Les critiques concernant son manque de présence sur le terrain dans le 19e arrondissement, il s’en moque. Pour lui, c’est le rôle d’un maire. Il explique qu’à partir du moment où l’on ne veut pas cumuler les mandats de député et de maire, il faut bien distinguer les deux fonctions : « Si on est pour le non-cumul des mandats, on ne peut pas demander à un député de fonctionner comme un maire. » Il estime que le rôle du parlementaire n’est pas d’un être un « notable ». Cela correspond à une vision dépassée : « À l’époque d’Internet, dire qu’il faut être présent sur le marché c’est ridicule. » Il préfère revendiquer sa « modernité », qui consiste à inventer une « complémentarité » avec l’exécutif municipal. « J’ai toujours été un précurseur, dès 1988 j’avais imaginé un numéro de téléphone où les gens pouvaient nous faire part de leurs problèmes », ajoute-t-il fièrement. « Je suis présent d’une autre manière : avec ma permanence, les cafés politiques et mes assistants, avance-t-il.
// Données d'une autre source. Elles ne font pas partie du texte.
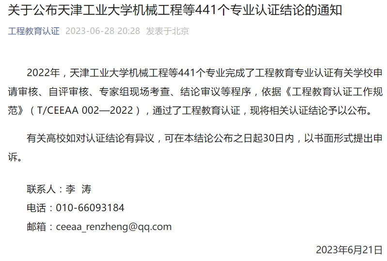 近日,中国工程教育专业认证协会发布《关于公布天津工业大学机械工程等441个专业认证结论的通知》。星空网官方站网页版,星空(中国)的计算机科学与技术专业名列其中,认证有效期为6年(2023年1月至2028年12月)。这标志着计算机科学与技术专业的人才培养质量实现了国际实质等效,进入全球工程教育的“第一方阵”。
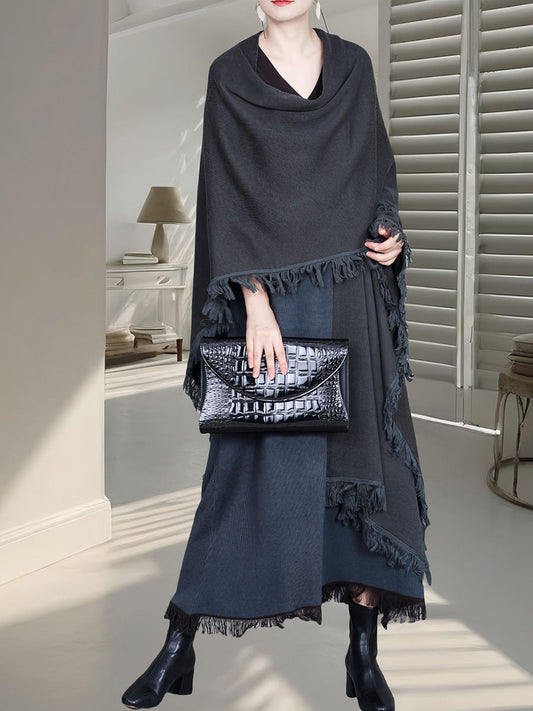 Women Fashion Colorblock Tassel Wool Knit Cardigan Shawl
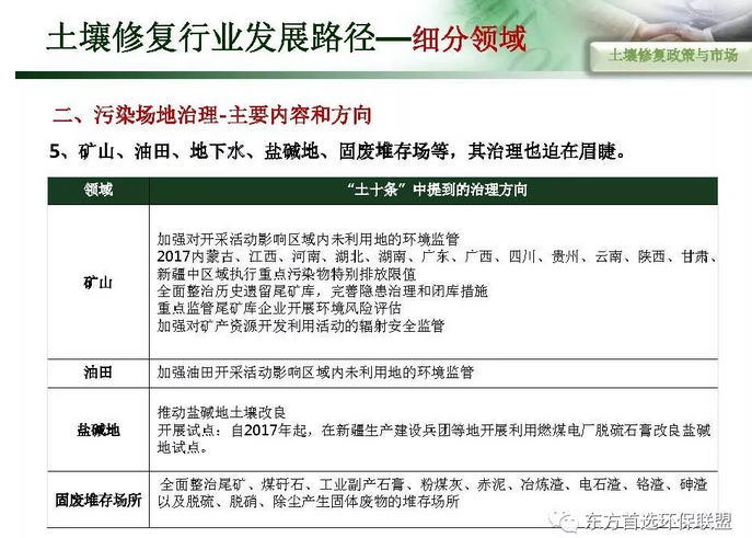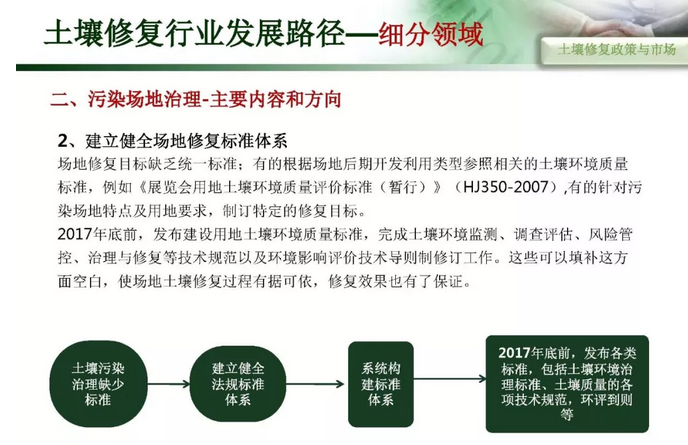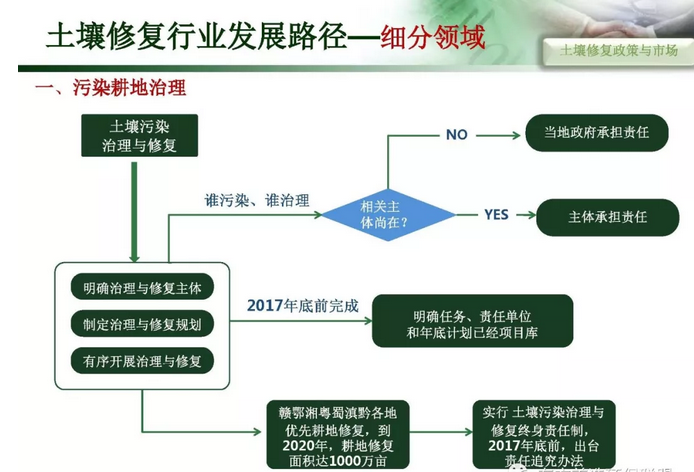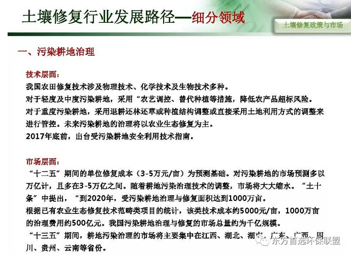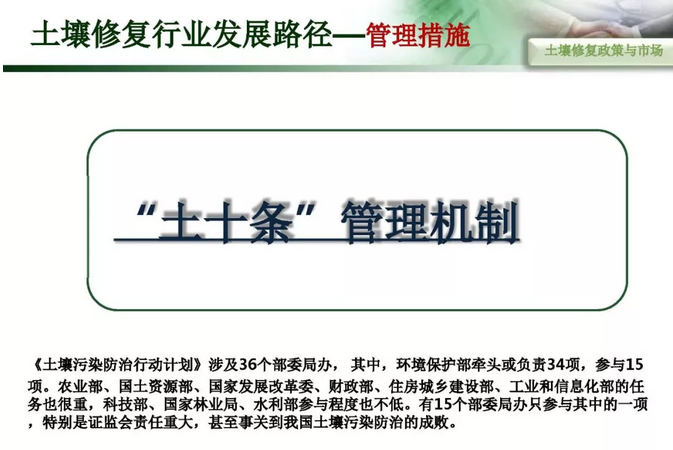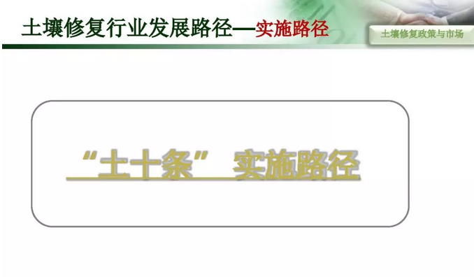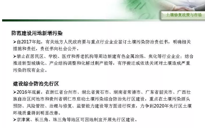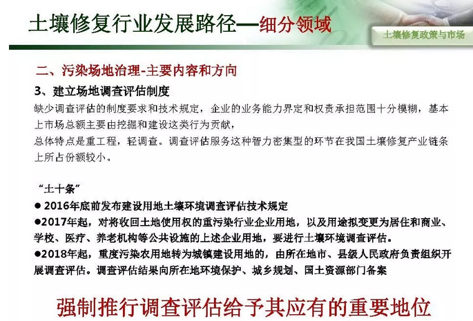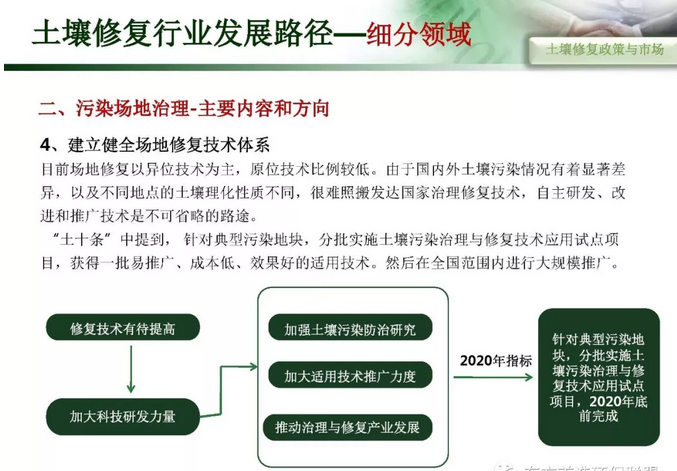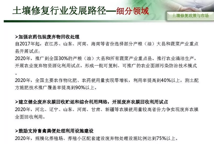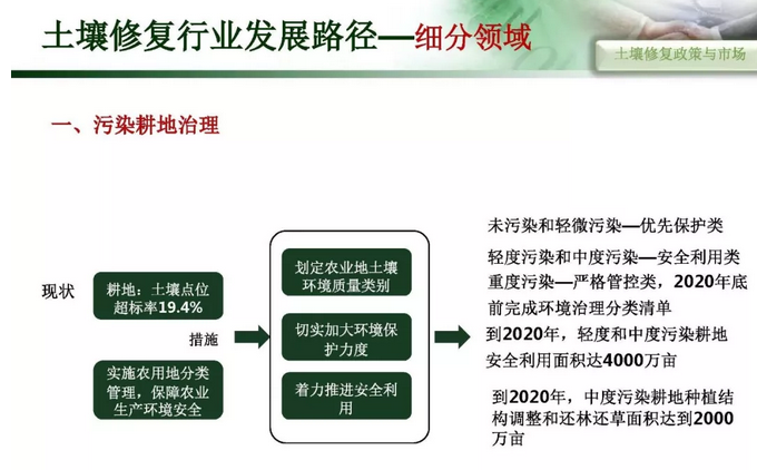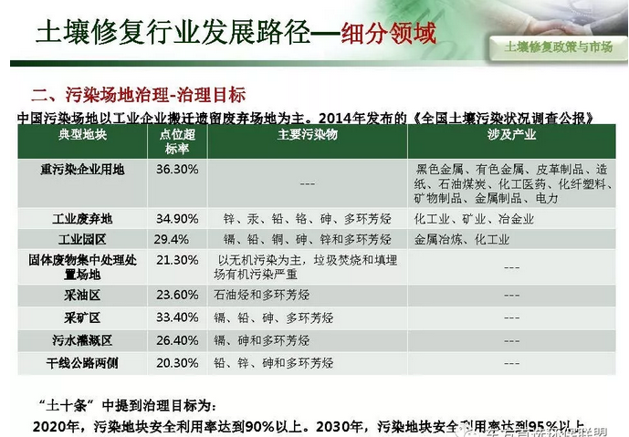 摘要 : 6“土十条” 下土壤修复行业发展路径,“土十条”下我国土壤治理的目标是到2020年,土壤环境质量总体保持稳定,农用地和建设用地土壤环境安全得到基本保障,土壤环境风险得到基本管控;到2030年,全国土壤环境质量稳中向好,农用地和建筑用地土壤环境安全得到有效保障,土壤环境风险得到全面管控。
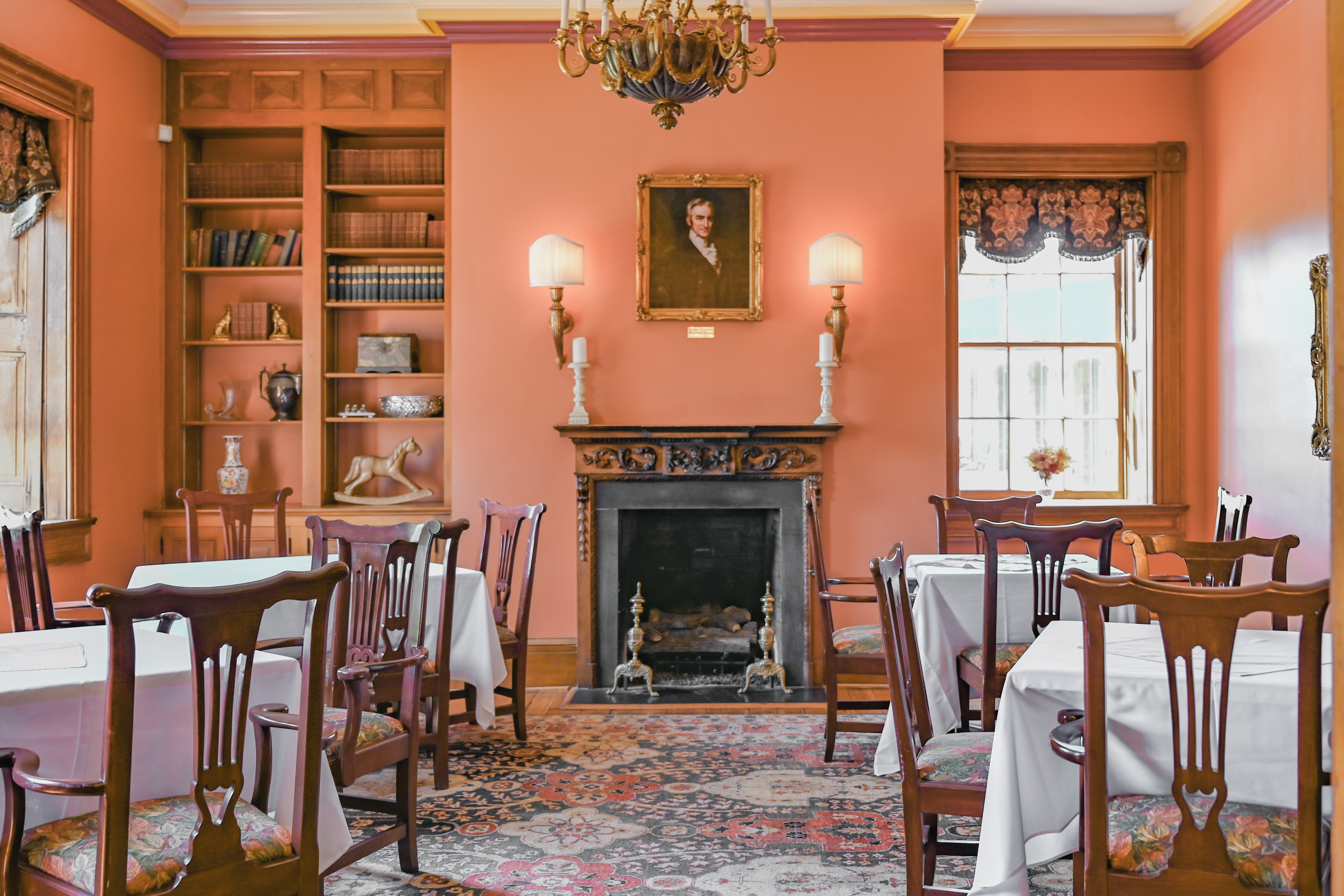 The Mansion provides quiet dining with a club casual dress code. From the elegant chandeliers to the original marble fireplace, the rooms exude warmth and ambience.
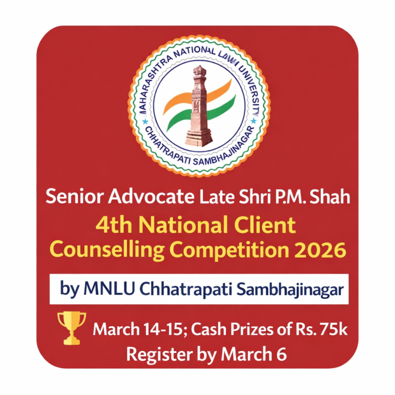 04 Mar Legal Competition Senior Advocate Late Shri P.M. Shah 4th National Client Counselling Competition 2026 by MNLU Chhatrapati Sambhajinagar March 4, 2026 By Lexful 0 comments About the University Maharashtra National Law University, Chhatrapati Sambhajinagar (MNLUCS), established in 2017, is an independent... Continue reading
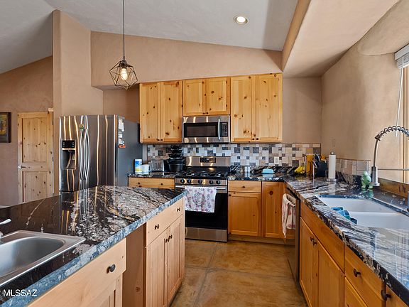 4 plus acres of lush desert vegetation neighboring the Saguaro National Park. Environmental friendly construction, Energy efficient straw bale home with 24'' thick walls, metal roof with R54 rated insulation, 2 zone radiant floor heating, stained concrete floors. Custom features throughout include the recently updated kitchen with vegetable sink in the island, granite counter top, gas range, pantry, solid wood doors, high end wood windows that are metal clad on the outside, Covered flagstone patio, covered vegetable garden, Home has fire sprinklers, 2500 gal rain water container, 1100 gal. irrigation water container, RV space, 2 RV dumps, 2- 220v hookups, 30 x 60 x 16' tall shop with 14' doors and 200 amp service, Detached 2 car carport, 5-Shared well, 52'' x 24'' concrete pad, Storage sh
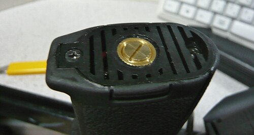 底プレートをネジ留めしたらバッテリーを繋いで軽く空撃ちして異音がしないか確認します。グリップ底の金色の真鍮ネジをマイナスドライバーでちょっと回して撃ちちょっと回しては撃ちを繰り返して異音の出ない位置を探ります。異音とはいわゆるギヤ鳴きで、ギャーとかキャーとかいう感じの音。どんな音かわからない場合は金色ネジをいっぱいに締めたり外れる直前まで緩めたりするとどこからかで鳴り出します。が、大抵買ってきた状態のままポン付けしても大体丁度良い位置になっている事が多いです。
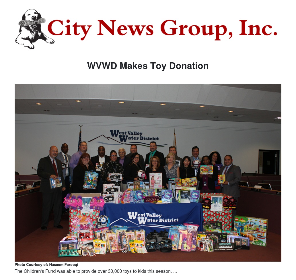 The West Valley Water District Board of Directors made a holiday toy donation to the Children’s Fund. The Board recognized the efforts of the Children’s Fund which serves the most vulnerable children in our society and partnered in spreading holiday cheer.
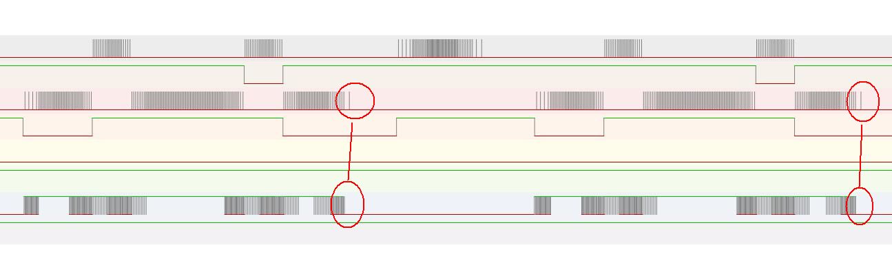 Na druhém obrázku je to samé s dynamickým řízením výkonu. A tady je vidět, že osa ještě dojíždí (ještě se generují poslední pulzy STEP), ale laser už je v předstihu vypnutý!
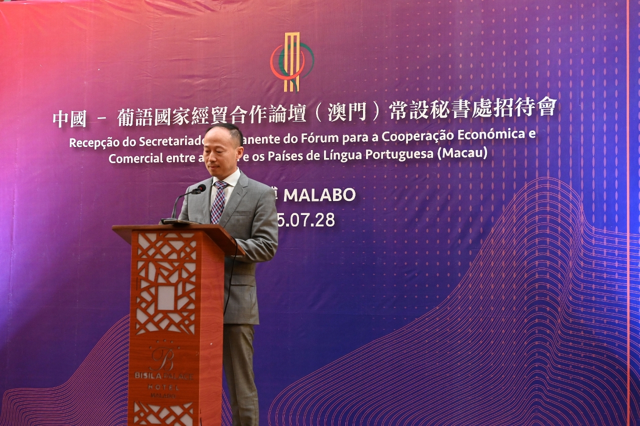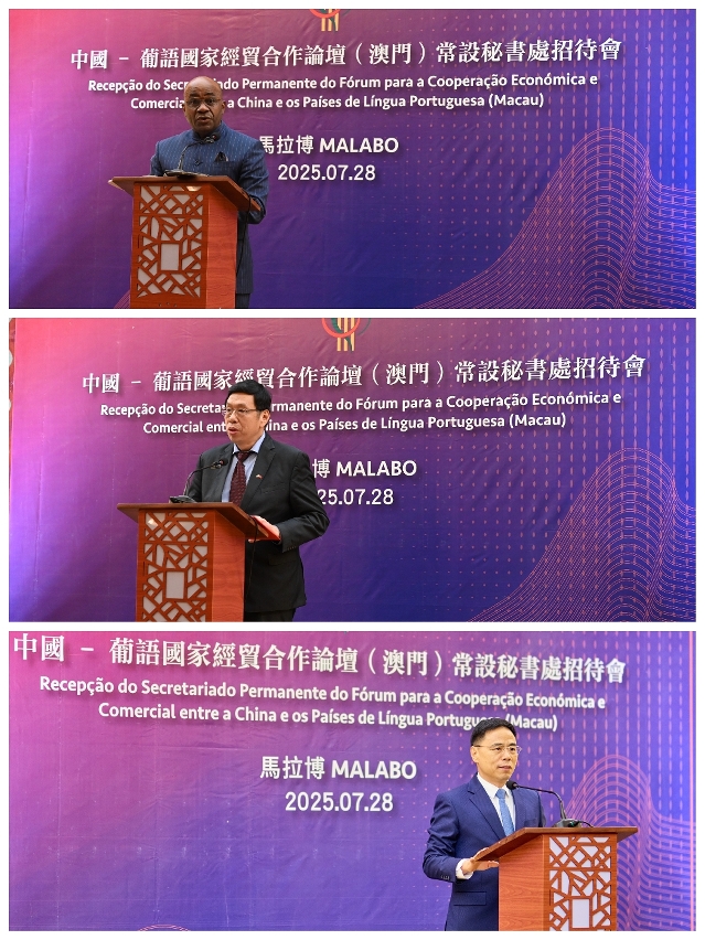 7月28日,中葡论坛常设秘书处招待会在马拉博举行。中国驻赤道几内亚大使王文刚、赤道几内亚副总理兼贸易、企业促进和工业部部长穆哈巴先后致辞,中葡合作发展基金管理公司总经理张健做专题推介。赤道几内亚政府相关部委代表、中国驻赤道几内亚使馆代表、赤道几内亚当地企业和商协会代表、赤道几内亚中资企业及机构代表、澳门招商投资促进局代表及企业代表团等共约150人出席活动。
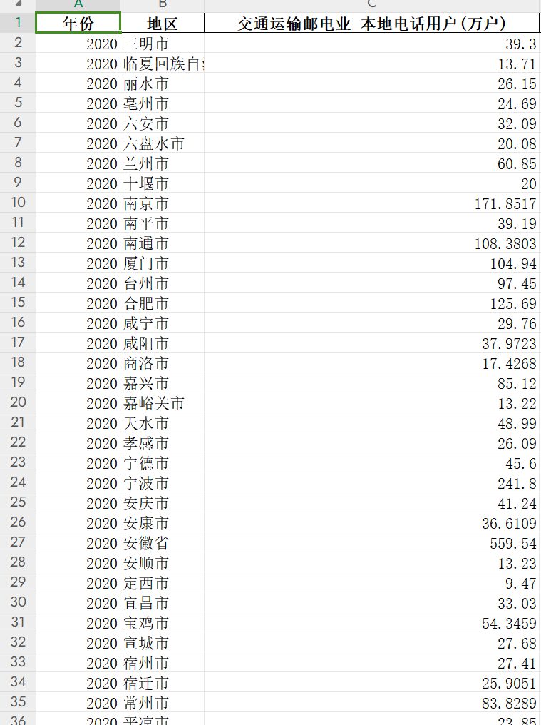 本数据展示了全国各城市的本地电话用户数量。通过对这些数量的分析,我们可以了解全国各城市通信设施建设的发展情况、人口密度以及工业经济的发展程度等方面的信息。此数据不仅可供政府部门制定信息技术政策,还可以为企业投资提供重要参考。同时,这项数据的分析也可以帮助我们了解中国的城市化进程和经济发展趋势,从而更好地把握当前经济形势,并采取相应措施应对数据名称:全国各城市-交通运输邮电业-本地电话用户

Il faut savoir que je traite de 400 à 500 dossiers par an d’habitants du 19e. »

Satisfait du travail accompli

Délaisser le local pour se concentrer sur l’action nationale qui revient au député, l’idée semble cohérente. Mais là où le bât blesse, c’est que les statistiques (déjà relevées par dixneufinfo.com), trahissent aussi un manque de présence à l’Assemblée. Jean Christophe Cambadélis conteste ces chiffres et s’estime « dans la moyenne ». Il ajoute qu’en tant que membre de la commission des affaires étrangères, il est logiquement moins sollicité que les commissions des lois ou des finances. Aux interventions orales « qui ne servent pas toujours à grand chose », il oppose les questions écrites qui « obligent le ministre à répondre ». Dans ce domaine, il est vrai qu’il se place parmi les plus prolifiques du Parlement. « Toutes mes questions écrites sont en relation avec des problèmes du 19e arrondissement, explique-t-il. Quand j’ai une réponse du ministre, je peux l’envoyer aux personnes concernées du 19e. »

Après dix ans d’action ininterrompue dans le 19e arrondissement, le député sortant est plutôt satisfait du travail accompli avec son suppléant François Dagnaud et le maire Roger Madec. D’abord, sur le plan de la sécurité, de gros efforts ont été réalisés, même s’ils sont encore perfectibles. Ensuite, sur le terrain associatif : « On a obtenu de nombreuses subventions et on a même réussi à obtenir le soutien de l’Assemblée et l’Union Européenne pour certaines associations ». Autre réussite : l’invention dès 1996 des Conseils de quartiers. S’ils ont encore une « efficacité discutable » reconnait-t-il, c’est parce qu’il est impossible de leurs allouer un budget conséquent, mais ils permettent de « faire remonter les problèmes » aux oreilles des élus. C’est ainsi qu’ils ont pu s’emparer de la question de la saleté des rues, par exemple. À l’avenir, en cas de réélection, Jean-Christophe Cambadélis souhaite « aller au bout de la requalification du 19e », en implantant de nouveaux lieux culturels, des hôtels et des restaurants. Ils s’agit là des objectifs pour la circonscription, car sur le plan personnel “Camba” a d’autres projets : il espère prendre la tête du PS lors du congrès qui aura lieu à l’automne 2012.